◆ **TASK DESCRIPTION**
An exact copy of every entry is needed here; the images stay out.

◆ **DATASET**
==*==

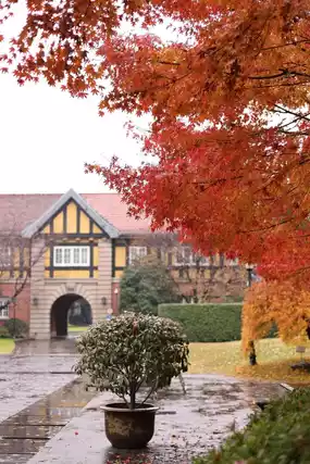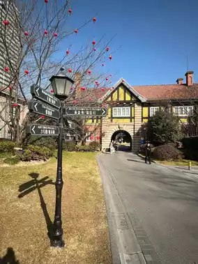 The building features extensive use of red bricks, a large crystal chandelier in the lobby, and a European-style garden with small bridges and flowing water, completely embodying the style of a European resort estate.
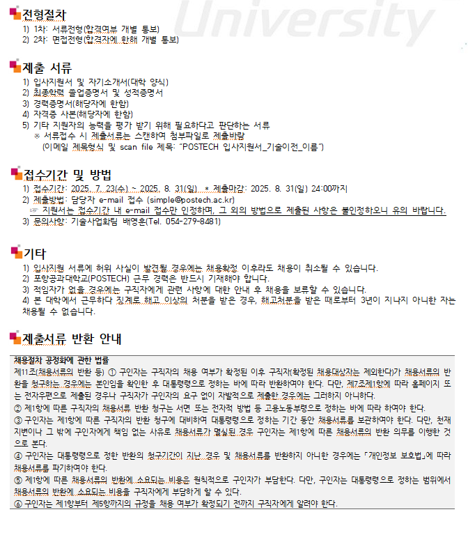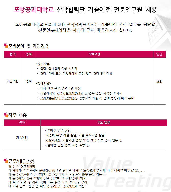 [포항공대 산학협력단] 2025년 기술이전 전문연구원 채용 공고
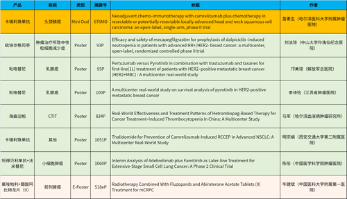 在头颈肿瘤、乳腺癌、肺癌、前列腺癌等多个疾病领域,卡瑞利珠单抗、阿得贝利单抗、吡咯替尼、氟唑帕利、法米替尼、醋酸阿比特龙片(II)等抗肿瘤新药相关研究一共入选了1项简短口头报告、4项壁报展示和1项电子壁报,彰显了金年会医药强劲的研发实力。此外,金年会医药自主研发的血小板生成素受体激动剂(TPO-RA)海曲泊帕在肿瘤治疗所致血小板减少领域、新一代长效G-CSF产品硫培非格司亭在肿瘤治疗所致中性粒细胞减少症领域各入选1项壁报展示。
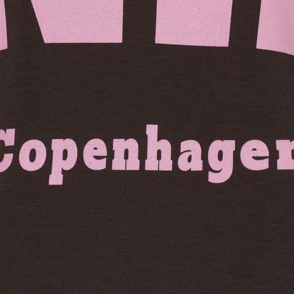 Sort sweatshirt fra Marta Du Chateau med lyserødt Copenhagen-print. Den har store bogstaver på ærmerne og forsiden i en kontrast, der skaber et urbant udtryk.
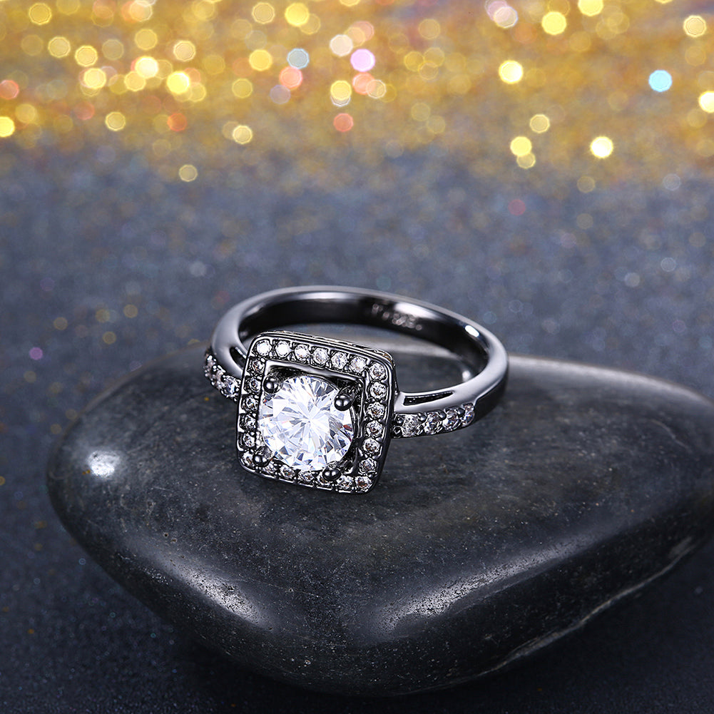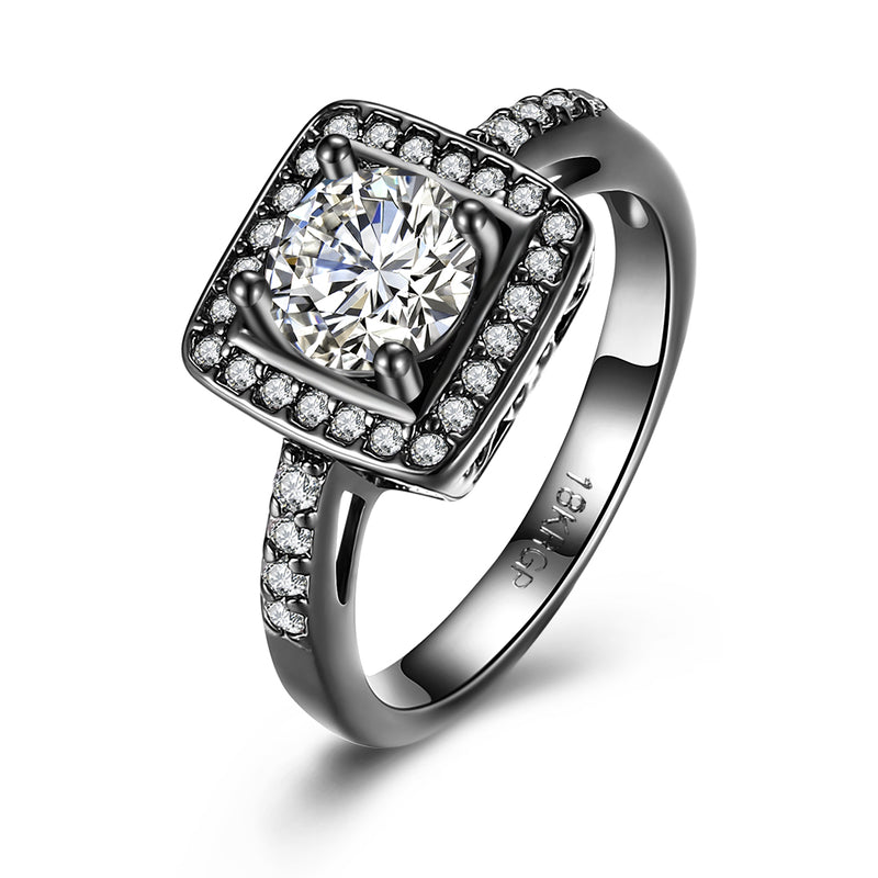 Swarovski Pave Halo Shaped Ring in Black Gun Plating

==*==

◆ **WRITTEN SOLUTION**
 The building features extensive use of red bricks, a large crystal chandelier in the lobby, and a European-style garden with small bridges and flowing water, completely embodying the style of a European resort estate.
 [포항공대 산학협력단] 2025년 기술이전 전문연구원 채용 공고
 在头颈肿瘤、乳腺癌、肺癌、前列腺癌等多个疾病领域,卡瑞利珠单抗、阿得贝利单抗、吡咯替尼、氟唑帕利、法米替尼、醋酸阿比特龙片(II)等抗肿瘤新药相关研究一共入选了1项简短口头报告、4项壁报展示和1项电子壁报,彰显了金年会医药强劲的研发实力。此外,金年会医药自主研发的血小板生成素受体激动剂(TPO-RA)海曲泊帕在肿瘤治疗所致血小板减少领域、新一代长效G-CSF产品硫培非格司亭在肿瘤治疗所致中性粒细胞减少症领域各入选1项壁报展示。
 Sort sweatshirt fra Marta Du Chateau med lyserødt Copenhagen-print. Den har store bogstaver på ærmerne og forsiden i en kontrast, der skaber et urbant udtryk.
 Swarovski Pave Halo Shaped Ring in Black Gun Plating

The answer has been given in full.